Well, yes, but it's really the visuals that tend to blow
beginner pilots away. The aircraft doesn't become emotionally
concerned because it's upside down - only the pilot does

In fact, I'd rather do an inverted spin any day, vs an upright
spin. Why? Because the rudder is in "clean air" in an inverted
spin.

The Pitts (in which I've recovered from hundreds of inverted spins)
can take up to TWO complete rotations to recover from an upright
spin. During that time, pilots can lose faith and get off the
correct rudder. However the Pitts will recover from an inverted
flat spin in ONE rotation, because the rudder is not being blanketed
by the rudder, as it is during an upright spin.

Three things you need to know about spins:

1) power is bad. Get off the power
2) stick is bad. Adverse yaw, rudder blanketing. Neutralize the
stick.
3) yaw is the problem. Fix it with rudder. I don't use the "heavy
pedal" trick, I just look across the nose. Works for me.

Give the above time to work. In a spin, you're going to be pumped,
and you're going to want to recover in a nanosecond. It doesn't work
that way. You have to give the correct inputs time to work.

As you can tell, I'm a Beggs-Mueller advocate. I'm sure you
can find aircraft types that it doesn't work in, but it sure
works well in the Pitts, which truth be known, has incredibly
docile stall/spin characteristics. Sure you can wind it up, but
it recovers just as easily as it gets into the spin. Many people
have managed to kill themselves in spins - I suspect they "froze",
which I have seen in students.

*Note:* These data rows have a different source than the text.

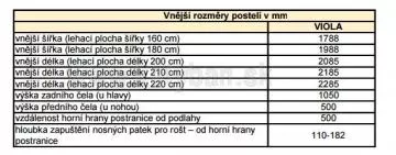Masívna posteľ Viola s členitým čelom v sebe spája praktické využitie s dokonale prepracovanými líniami. Jej masívny vzhľad je určený najmä do priestrannejších spální. Prierezy v čele postele vytvára rovné línie, ktoré sa dômyselne dopĺňajú s jemne zaoblenými hranami po celej konštrukcii postele.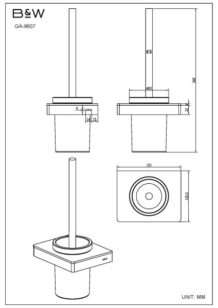 Держатель для ёршика Black and White Gravity 9607GM Темно-серыйКоллекция выполнена в двух цветовых решениях CHROME и GUN METAL. Благодаря использованию закаленного стекла, каждая деталь аксессуара приобретает свое уникальное отражение. В цветовом решении GUN METAL используется черное стекло. Для удобства пользования, на концах держателя для туалетной бумаги использованы стопоры, которые не позволяют рулоны слетать при использовании. Коллекция выполнена из надежных материалов: латунь и закаленное стекло, именно это позволяет не беспокоиться о надежности и увеличенном сроке службы каждого изделия.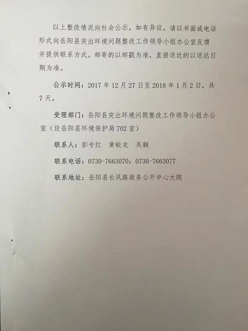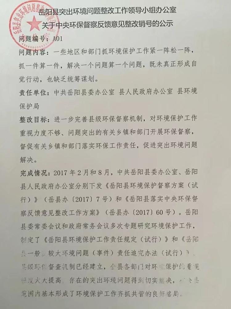 嶽陽縣突出環境問題整改工作領導小組辦公室關於中央環保督察反饋意見整改銷號的公示A01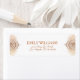 Elegant rose gold ornate lace geometric design, white background, customisable return label design.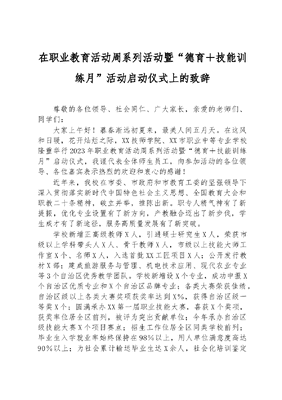 在职业教育活动周系列活动暨“德育 技能训练月”活动启动仪式上的致辞.docx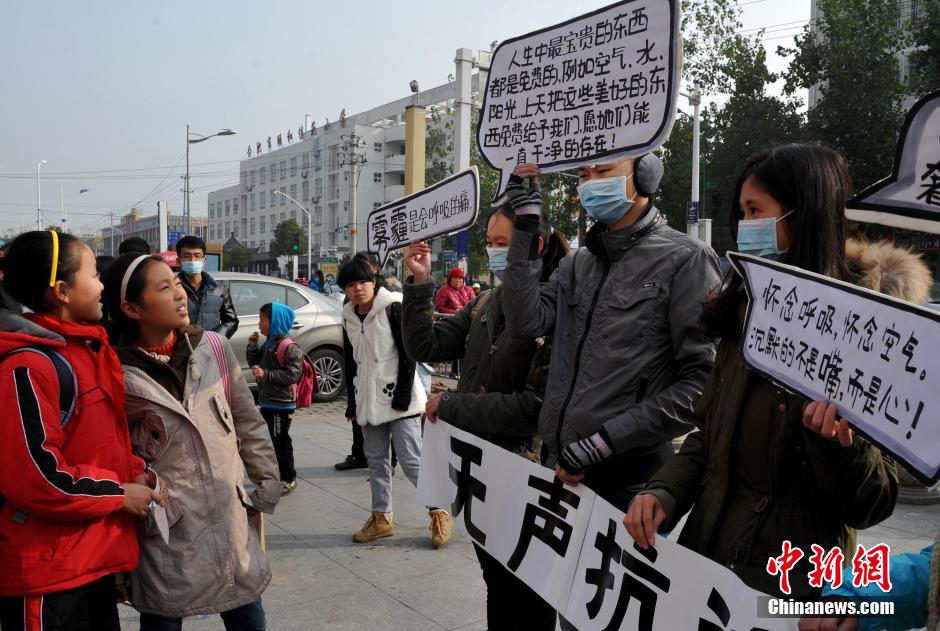 12月9日,大学生在街头进行“无声抗议”,呼吁市民保护环境。当日,安徽农业大学“绿色家园”环保协会联合五里墩街道财经科志愿者,在街头进行“命运共同体”、“捐赠空气”、“无声抗议”等三组静态行为艺术表演,以此来唤起市民对于雾霾天气的重视以及环境保护的意识,从而投身到防治雾霾的行动当中。中新社发 韩苏原 摄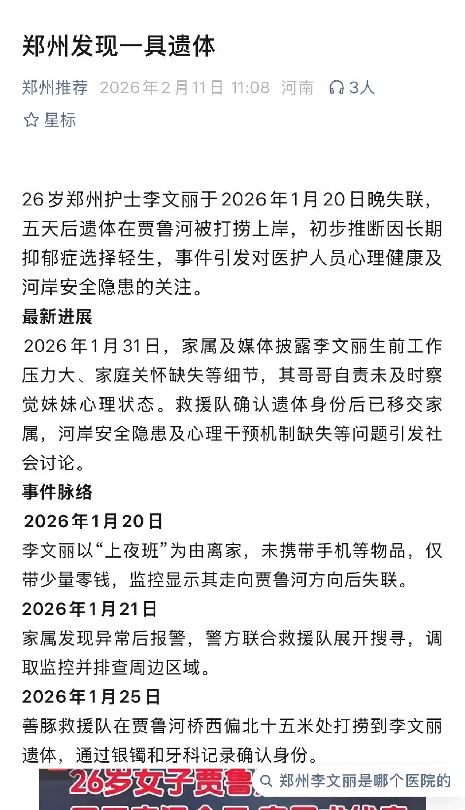 好难过!头一次发现,医护职业也是很难过的! 26岁郑州护士1月20号失联,五天后遗体打捞,初步推定为抑郁自杀! 忽然开始理解护士,病人投诉后,不管是正当理由还是不正当理由,受委屈的都是护理姐妹。 夜班本身就违背生物钟,连续夜班更是对身体甚至精神造成巨大危害! 护士长不行,病号不行,医院不行,原生家庭更不行,家庭是守住生命的最后一道防线。 医院待不下去,但是大环境差或者家人不让辞职,是好多护理人的现状吧? 对此,大家怎么看? 分享生活的随笔护士失联 医院 社会新闻

This "deer-in-the-headlights" reaction
is not the optimal response to this situation.

One last comment: sometimes you will hear people talk about
the "rogue spin" they got into. Often these are beginner aerobatic
pilots, whom are perfecting the "hammerspin" which is best performed
with a metal prop.

Think about the control inputs for a hammerhead pivot: full left
rudder, full front right stick: those are perfect inputs for a
beautiful outside snap (generally only performed by Unlimited
category dot-pilots, and airshow pilots) which if performed on
the vertical downline, allows altitude to be exchanged for airspeed
which will keep that wonderful outside snap going - snaps stop when
you run out of airspeed (eg upline, buried stick).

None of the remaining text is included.